# Seiko/ Citizen parts lists etc. in PDF format



## Roy (Feb 23, 2003)

I have Seiko technical data on almost all movements and service notes. Some Citizen and setting instructions too. They are all in PDF format and some files are quite large. If anybody wants a one then please let me know.

Example


----------



## pauluspaolo (Feb 24, 2003)

Hi Roy

Do you have any instructions for the 6138 chronograph, and any of the divers i.e. 6105, 6309, 7002 etc? I know the setting instructions are easy to work out for these non-complicated watches but it would still be nice to have a copy.

Cheers

Paul


----------



## Roy (Feb 23, 2003)

I have the service manuals and schematics for all these. These explain the functions etc. They are large files , let me know if you would like them. I am sending you the 6138 now to see if it is what you require.


----------



## Softiesteve (Feb 23, 2003)

Hi,

I would like the data sheets on the 6139 chronograph and also the SKX009 (7S26) as these are the two Seiko's that I own, please.

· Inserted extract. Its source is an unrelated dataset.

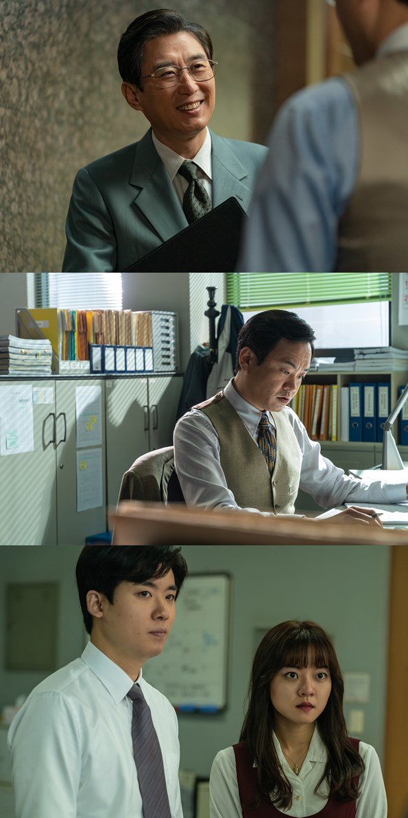 폭넓은 캐릭터 소화력으로 TV와 스크린을 오가며 독보적인 존재감을 발휘해온 김원해는 영화 속 발단이 되는 폐수 유출 사건의 중심, 생산관리3부의 ‘안기창’ 부장 역을 맡았다. 출세에 유리한 줄을 서기 위해 임원들을 대할 때 아부가 담긴 웃음을 짓는 모습으로 전형적인 조직형 인간이라는 특징을 사실감 있게 그려냈다. 부장과 사원들 사이에서 실질적으로 업무를 관리하는 ‘홍수철’ 과장 역의 이성욱은 생산관리3부를 듬직하게 이끌어가는 유능한 인물을 현실감 넘치게 연기, 이번 작품에서도 농익은 연기력을 선보였다. ‘홍수철’ 과장에게 늘 깨지는 통에 뭐든 수첩에 기록하지만, 사소한 업무까지 말단 사원인 ‘자영’(고아성)이 챙겨줘야 하는 ‘최동수’ 대리 역은, 자연스럽게 녹아드는 조현철의 연기로 관객들에게 소소한 웃음과 공감을 선사할 것이다.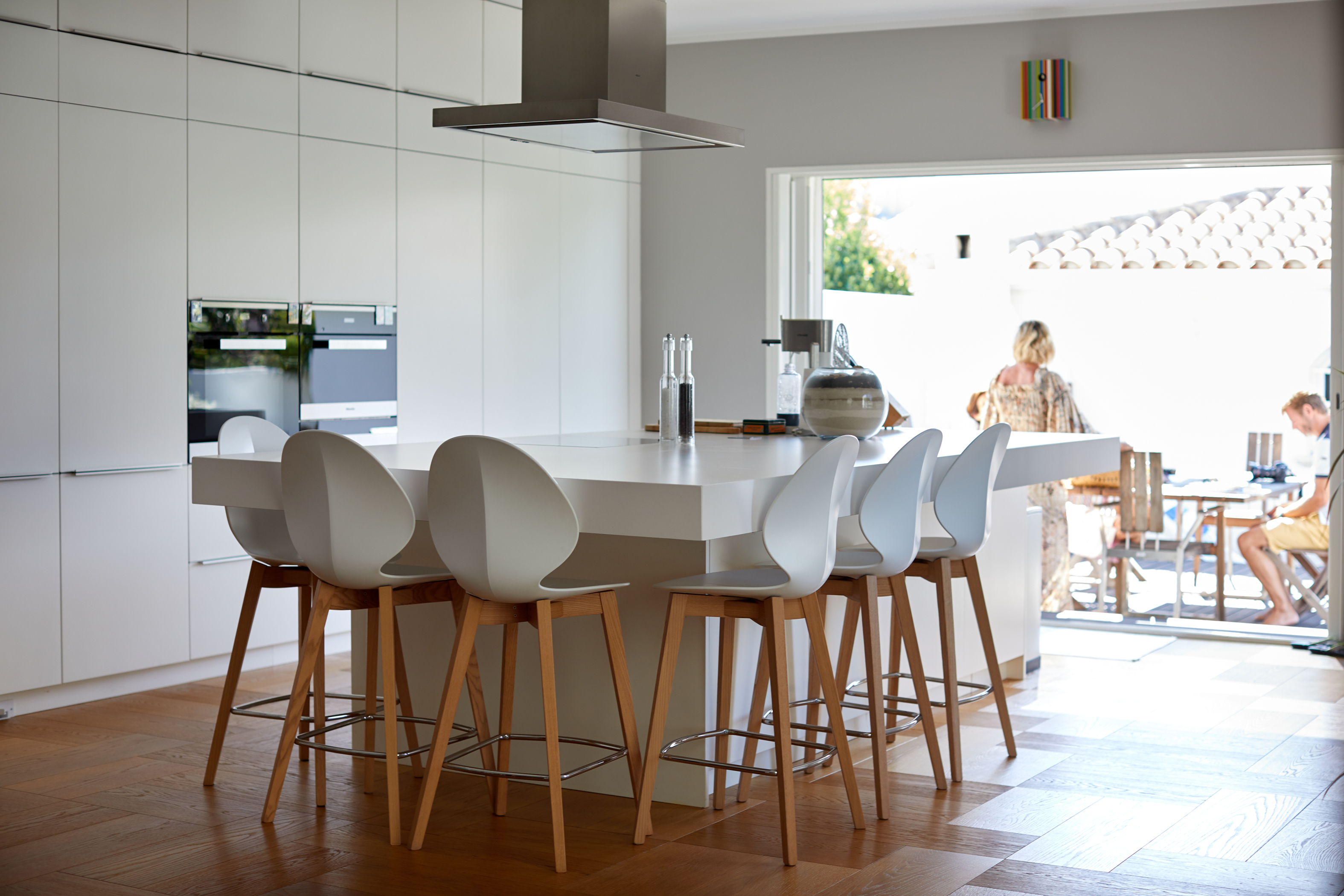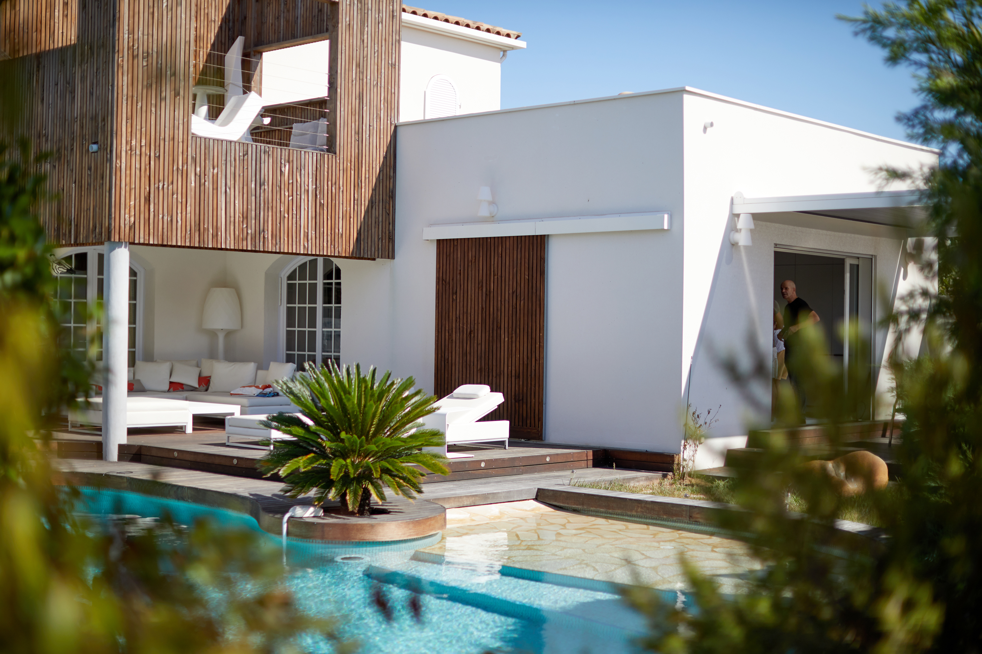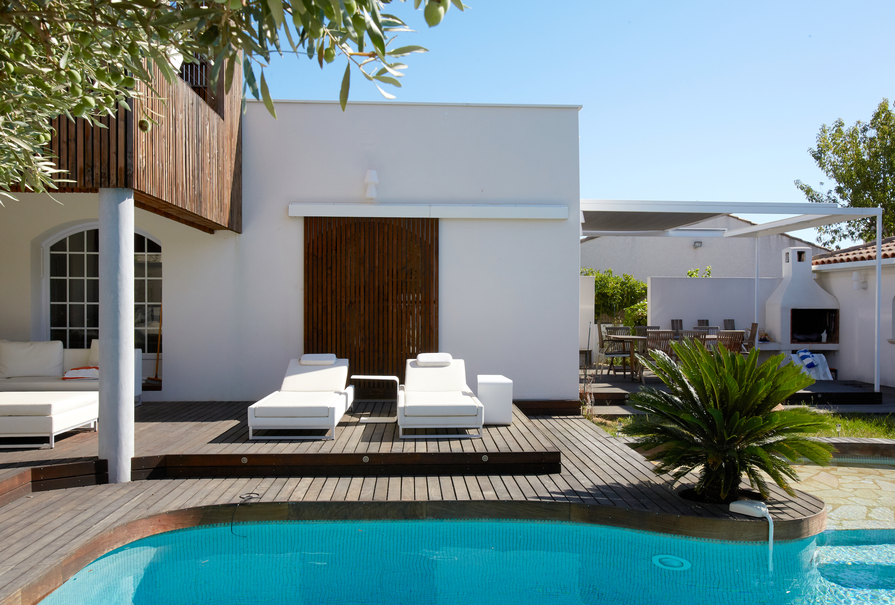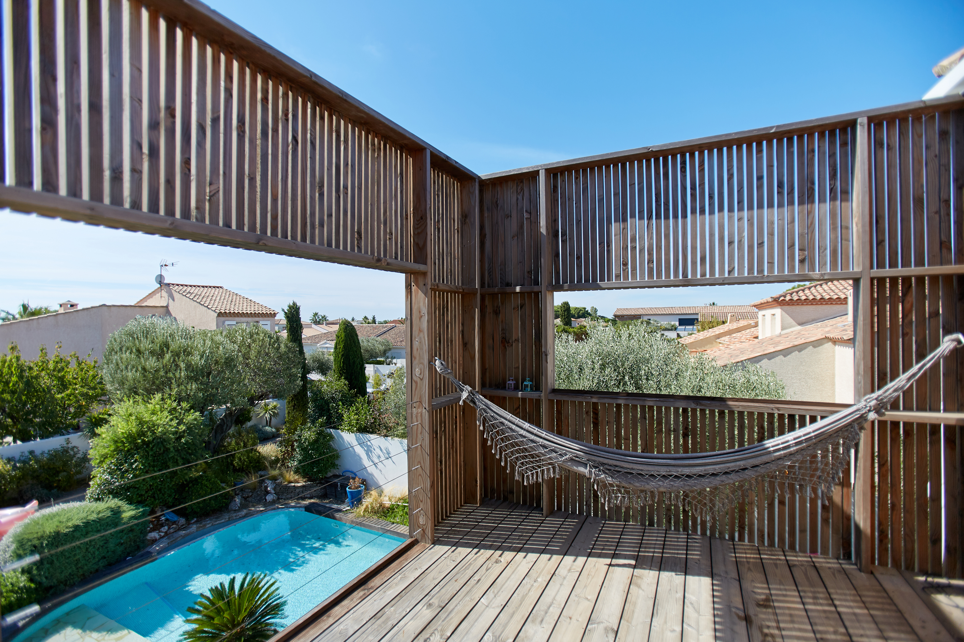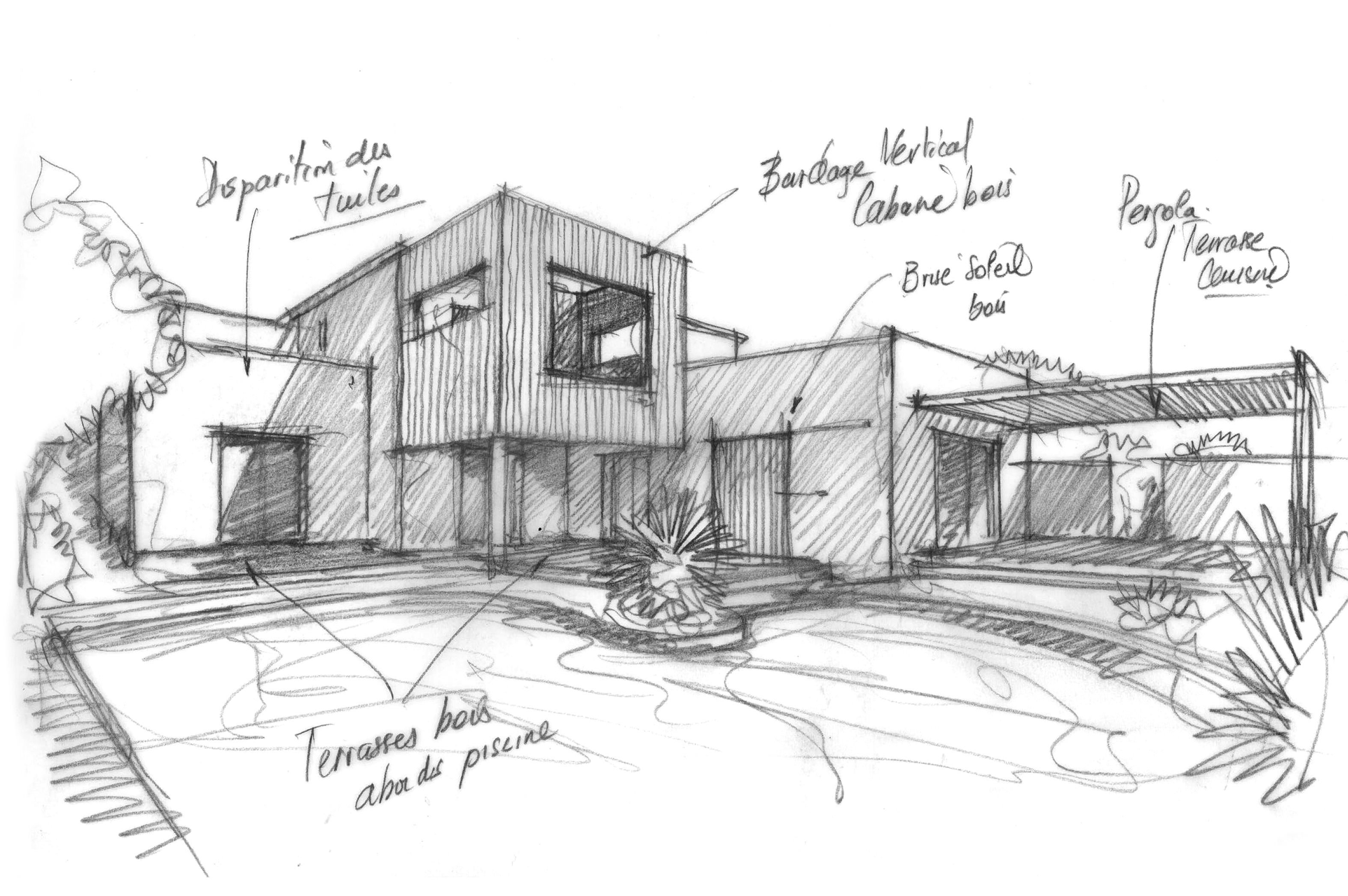 L'avant : datant des années 90, une pure languedocienne ! Arcs brisés, balustres béton, génoises et pomme de pin sur le toit… un style bien du midi. Une entrée qui se cherche, un besoin de terrasse ombragée. Les propriétaires y vivent depuis plus de 25 ans, ils y sont tès attaché mais veulent lui redonner un nouveau style. Envie d'une cave à vin, d'une grande cuisine et d'une terrasse en bois autour de la piscine. Sur ce projet le défi est délicat : répondre à toutes les envies sans exploser le budget. Une nouvelle apparence par une subtile intervention en toiture, acrotère et chenaux intégrés, la création d’une grande terrasse en lien direct avec la cuisine, et une terrasse à l'étage dans l’esprit d’une cabane.

File size not a problem as I have been broadbanded









Thanks


----------



## pauluspaolo (Feb 24, 2003)

Hi Roy

I got the file for the 6138. Any of the divers models appreciated. If you feel like it send me them all now and I'll download them at home. I have broadband so downloading the file isn't a problem, the only problem I have with the file size is that a lot of them at once will fill my mailbox up!

Cheers

Paul


----------



## therocs (Feb 24, 2003)

Hi Roy,

I would be eternally grateful if you could send me the file for my broken 6139.

Regards,

Steve.


----------



## chris (Mar 14, 2003)

Just read your post on movement PDFs and Iwould be really intrested if you have one on the 7s26 and a Citizen 8200. I'd just like to know whats going on inside really.

Many thanks Chris Madley.

[email protected]


----------



## Roy (Feb 23, 2003)

Sorry I do not have these, only earlier models.


----------



## samgher (Feb 22, 2010)

Roy:

I am searching service manuals for 6105 seiko movement (A & B versions). Do you have them?


----------